Down to the last line, set down the listing below exactly, apart from its pictures.

◆ Data below ◆
------------------------------

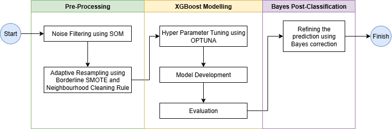 In this study, we presented a complete workflow for analyzing paddy phenological phases using satellite imagery and machine learning. The process is structured into three main stages: preprocessing, modeling, and refinement. The preprocessing phase includes noise filtering using Self-Organizing Maps (SOM) and adaptive resampling. The modeling phase involves hyperparameter tuning, model development, and performance evaluation. Finally, the refinement phase applies Bayesian post-processing to improve classification accuracy.
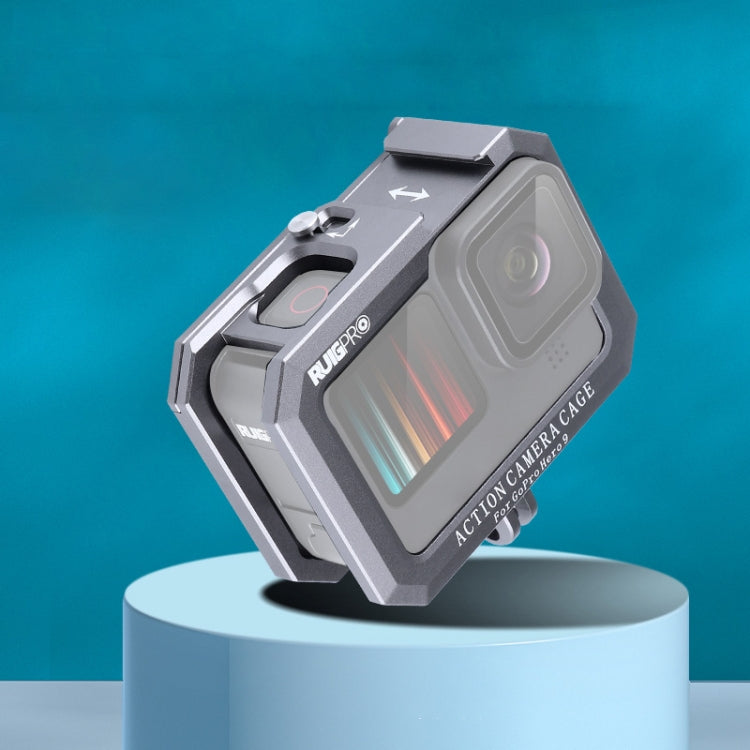 RUIGPRO for GoPro HERO10 Black / HERO9 Black Metal Border Frame Mount Protective Cage with Dual Cold Shoes Base, Silver Grey
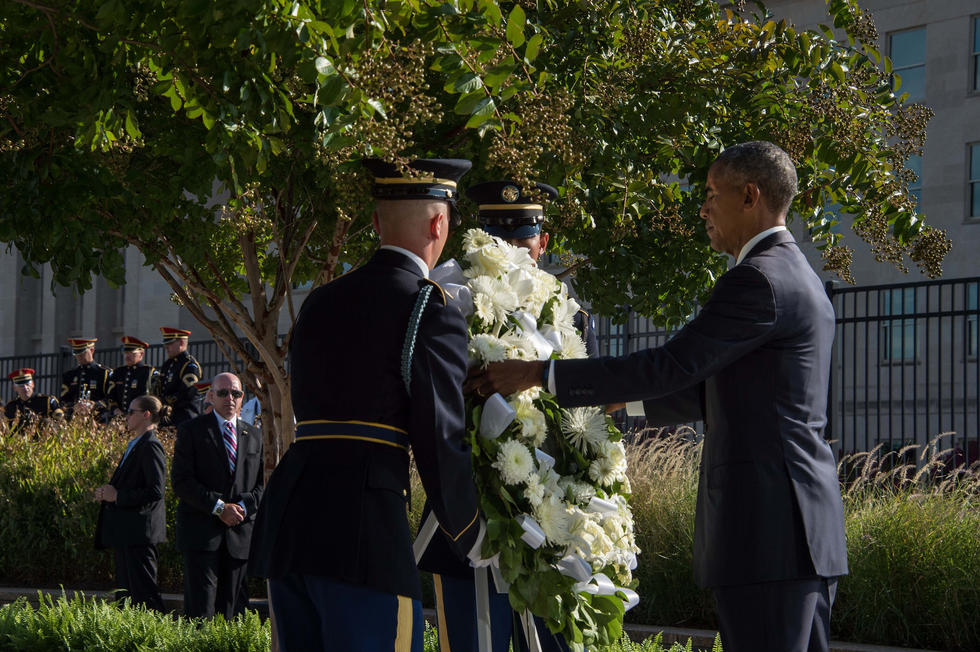 当地时间2016年9月11日,美国华盛顿,当地民众“9·11”事件15周年纪念活动,美国总统奥巴马出席。
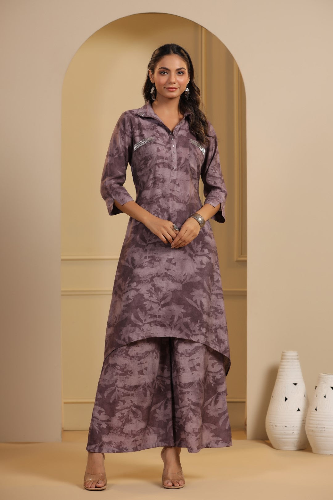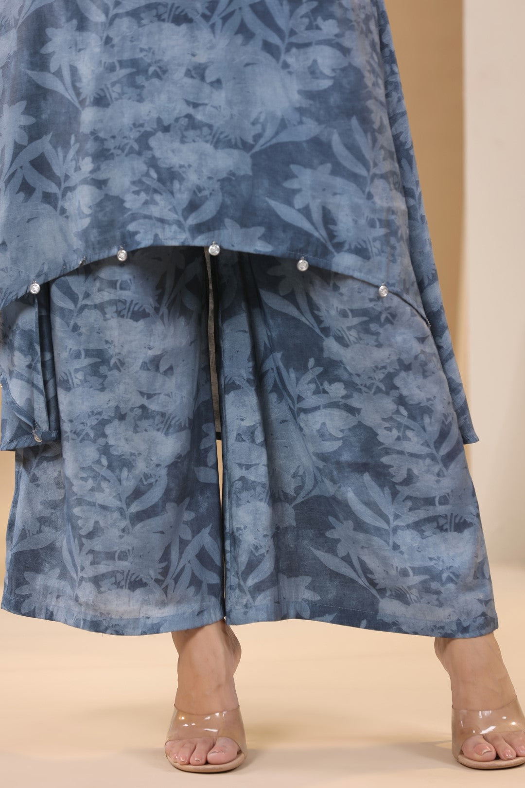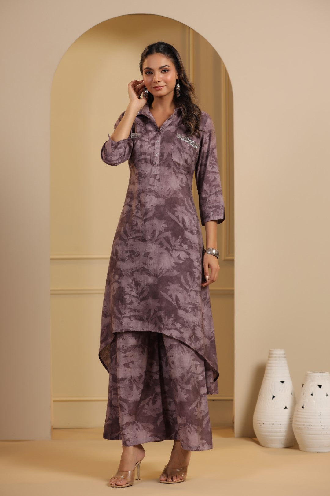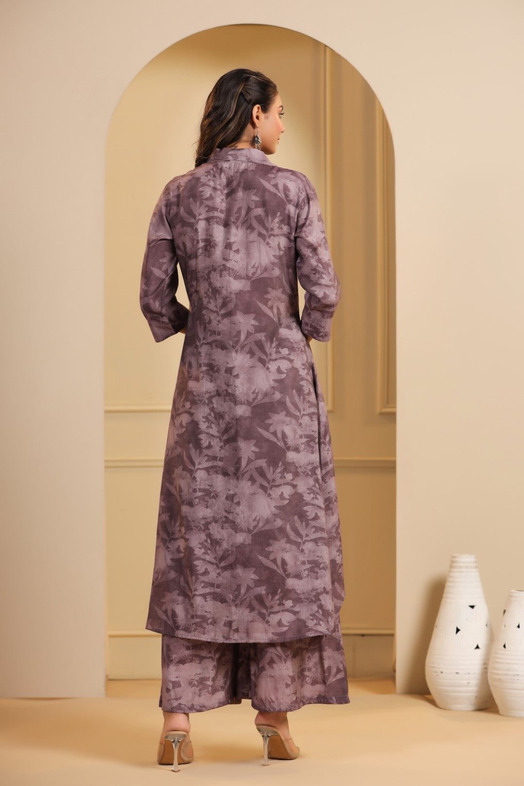 Beautiful Modal Co-Ord Set Floral Print Collar Shirt With Katdana on Yoke, Pockets and Collar

------------------------------

◆ Worked solution ◆
 In this study, we presented a complete workflow for analyzing paddy phenological phases using satellite imagery and machine learning. The process is structured into three main stages: preprocessing, modeling, and refinement. The preprocessing phase includes noise filtering using Self-Organizing Maps (SOM) and adaptive resampling. The modeling phase involves hyperparameter tuning, model development, and performance evaluation. Finally, the refinement phase applies Bayesian post-processing to improve classification accuracy.
 RUIGPRO for GoPro HERO10 Black / HERO9 Black Metal Border Frame Mount Protective Cage with Dual Cold Shoes Base, Silver Grey
 当地时间2016年9月11日,美国华盛顿,当地民众“9·11”事件15周年纪念活动,美国总统奥巴马出席。
 Beautiful Modal Co-Ord Set Floral Print Collar Shirt With Katdana on Yoke, Pockets and Collar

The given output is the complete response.